Friday, 10 September 2010

exhibition text/ description

Landscape has always provided for me a starting point, a visual trigger, a flexible kind of inspiration for something that may then spiral off in its own direction. Often, this is towards an enhanced or transformed vision of what I’ve seen in actuality.

My work is dominated by the materials in which it is made; for me, the possibilities of the substance are endlessly exciting - the massive potential in colour, texture and surface to create visual intoxication.

My work happens accidentally, spontaneously, and progressively, based on continual response and improvisation. This is partly to free up the material of paint and see what can happen, and to keep the process interesting for myself. It’s also a result of working from photographs. I work from my own landscape photographs, views that I discover and experience on walks. Because the image already exists as a photograph, and the time and place has already been recorded, the subsequent act of painting isn’t to re-display the image, but to tear it apart and put it back together, using paint – with it’s mistakes and accidents – as the driving force for something new. Each piece evolves as a process of deconstruction and reconstruction, via different layers of experimentation. I feel in this way I am able to maintain a certain distance, a certain lack of control, and let the picture make itself to some extent.
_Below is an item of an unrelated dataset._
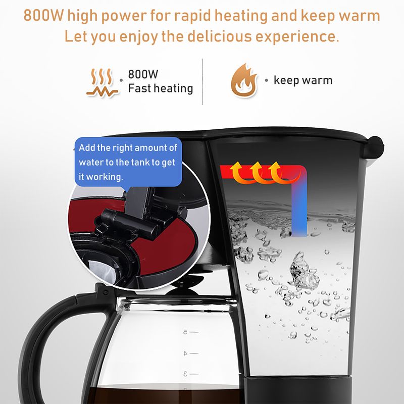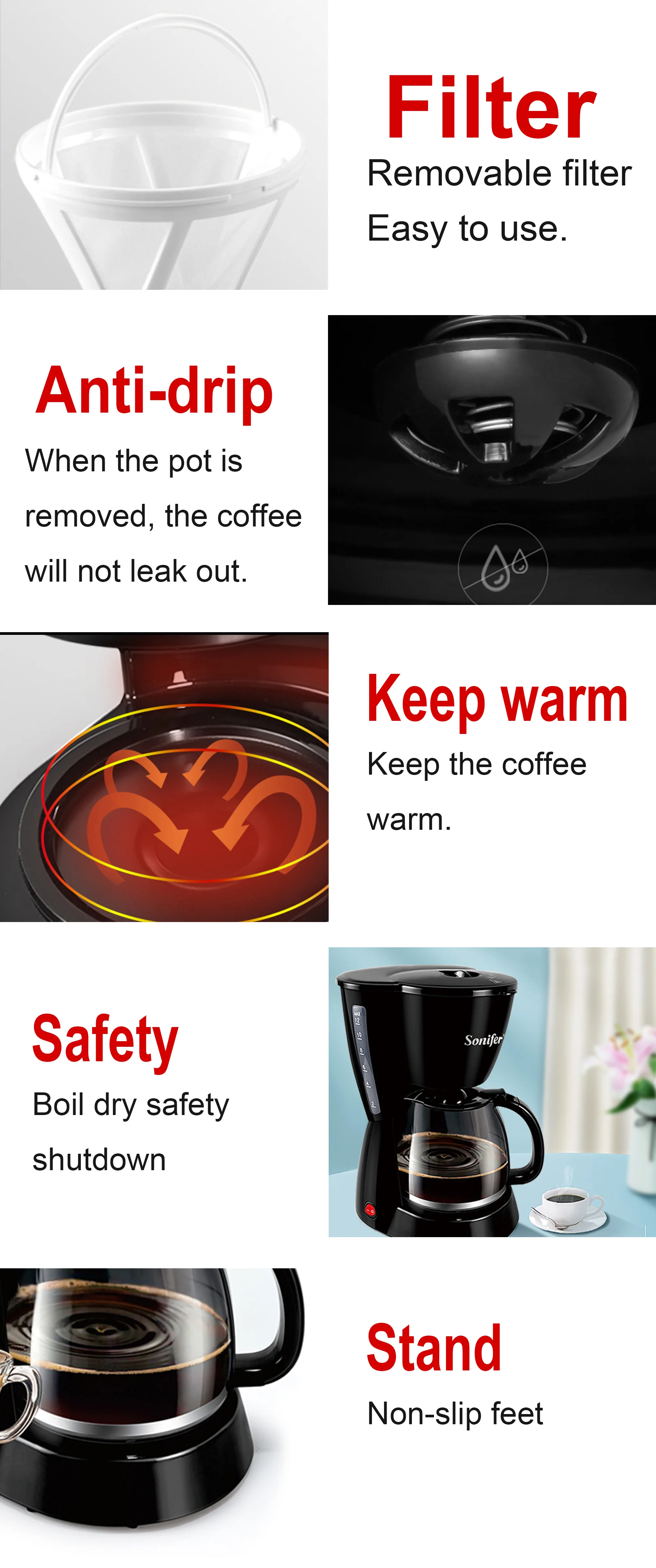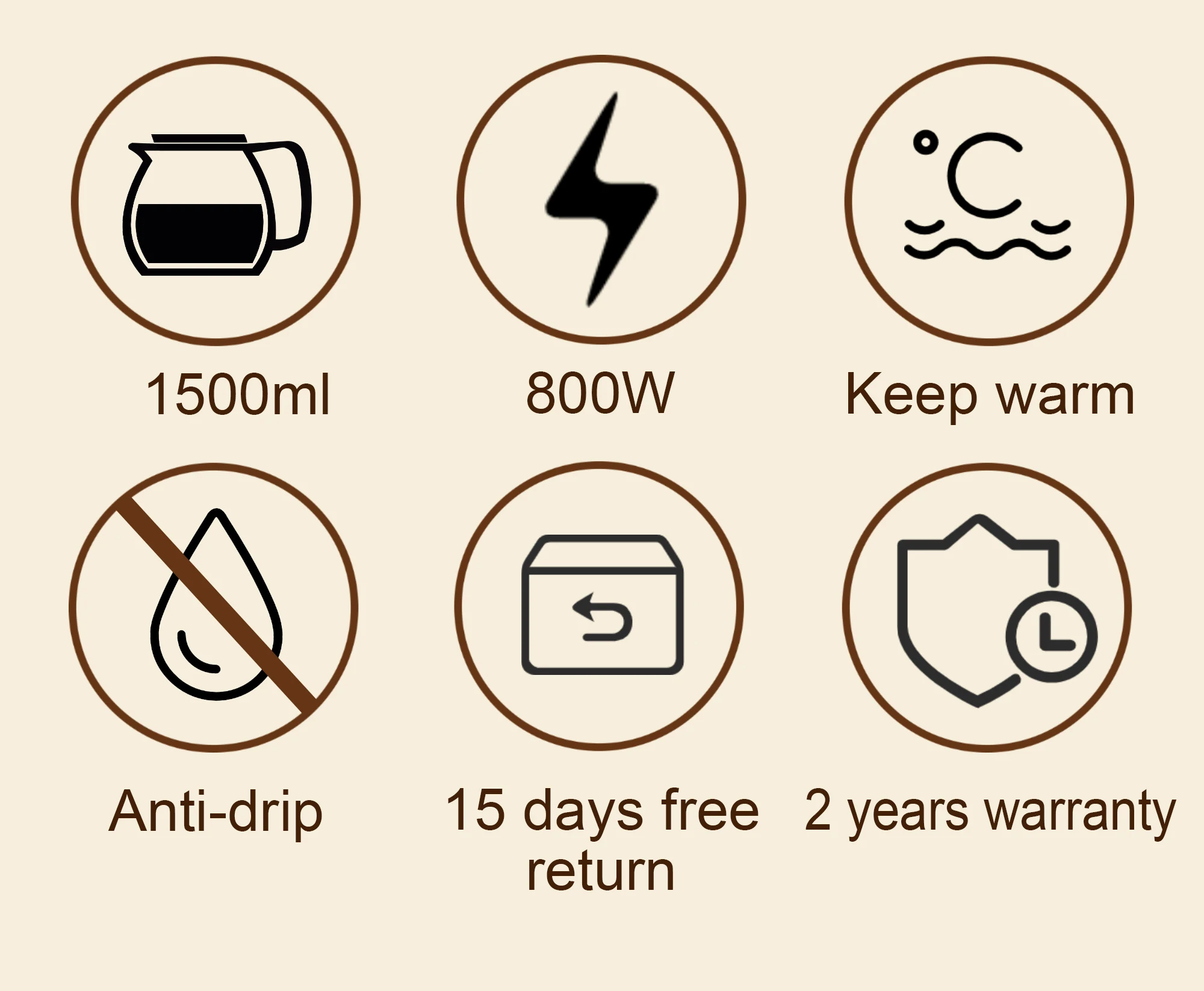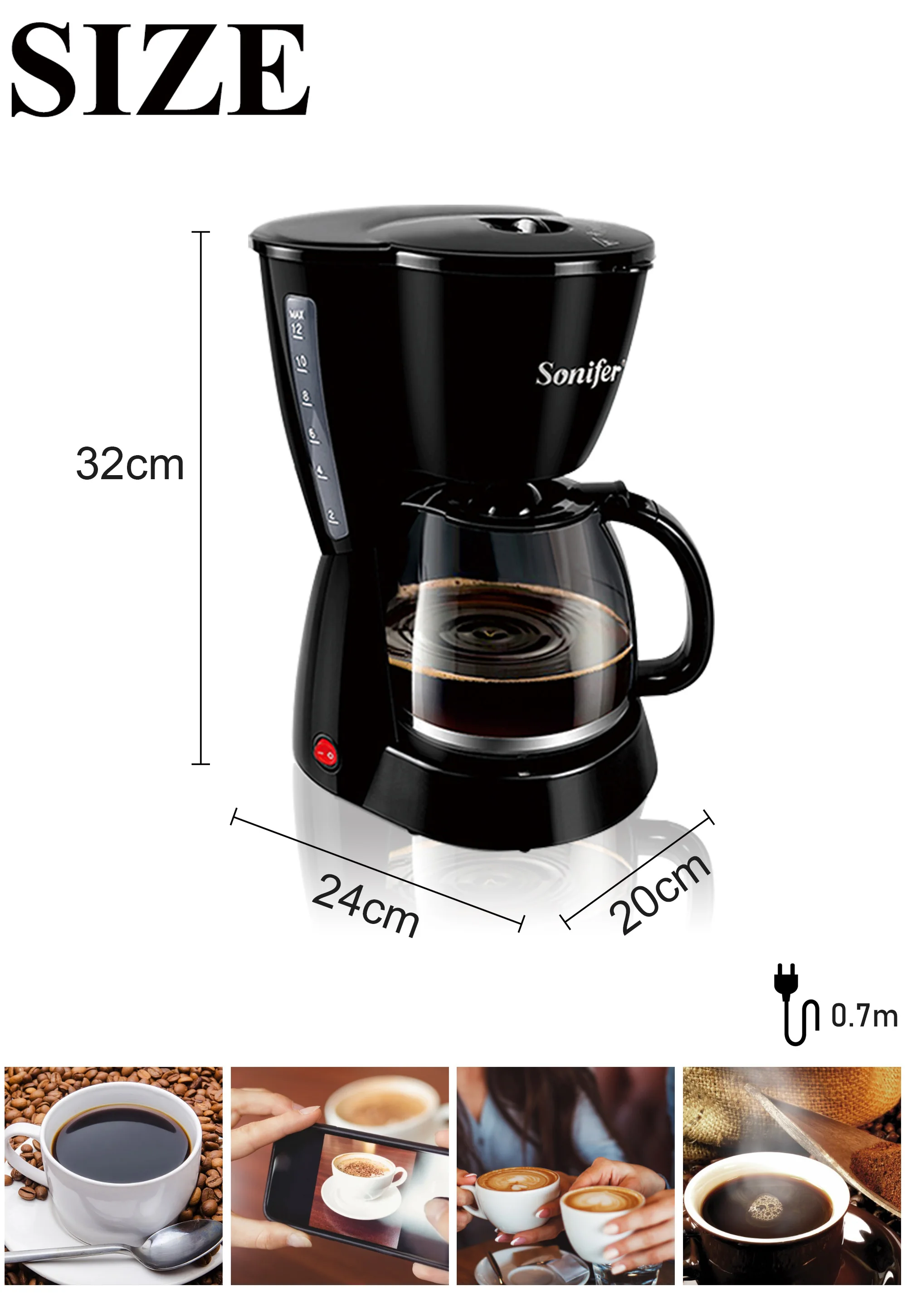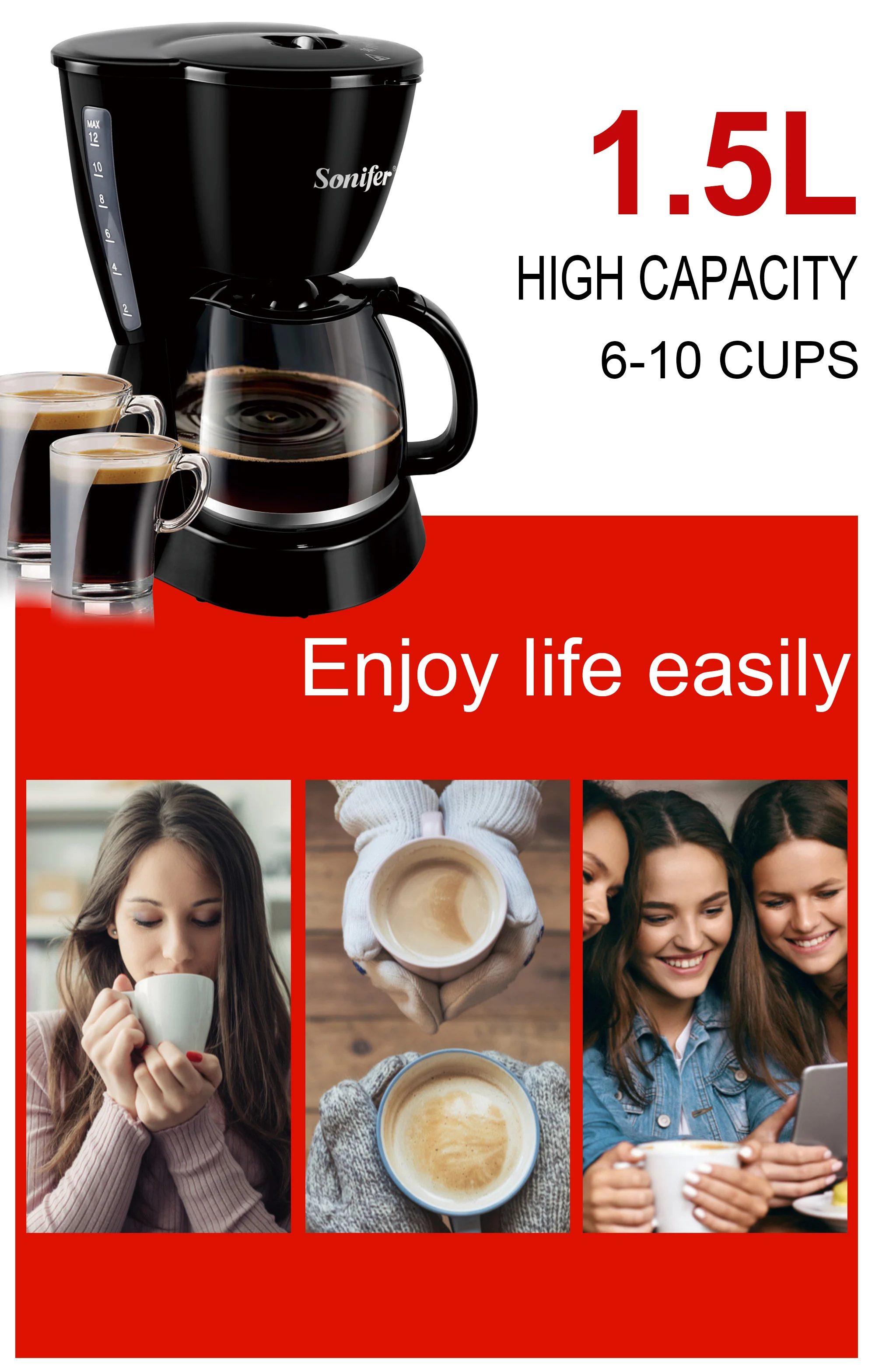1.5L Electric Drip Coffee Maker 800W Household Coffee Machine 15 Cup Tea Coffee Pot Milk Coffee Maker for Gift 220V Sonifer

In many works I focus on trees in particular. Foliage and natural material is so visually dense that it is usually only ever suggested very abstractly in painting; therefore, I find trees provide a subject matter that adequately enables a clear confluence of figuration and abstraction (an important dialectic in much contemporary painting), and a continually challenging prospect: how to convey this visual richness, depth and vitality in painted marks. Using varied effects, layers, colours and consistencies of paint to convey what in the photograph is viewed as a singular vision is a way of openly referencing pictorial structure, and with it the conventions of landscape, and the pre-constructed meaning associated with the genre due to its long history. In this way, the work can be seen to demonstrate a knowledge of its own rhetorical devises, its own prejudices, and its own historical vulnerability.

However, in this location, I found no impulse to create work of a determinedly textual nature. Being in a new place with many miles to explore, the landscape was too inspiring in itself for me to want to question too far my own concept of it. The images I chose to work on were chosen subjectively not programmatically; for their potential to engage with a sense of time, place and experience in a broad and unspecific way, rather than carrying any specific contextual meaning.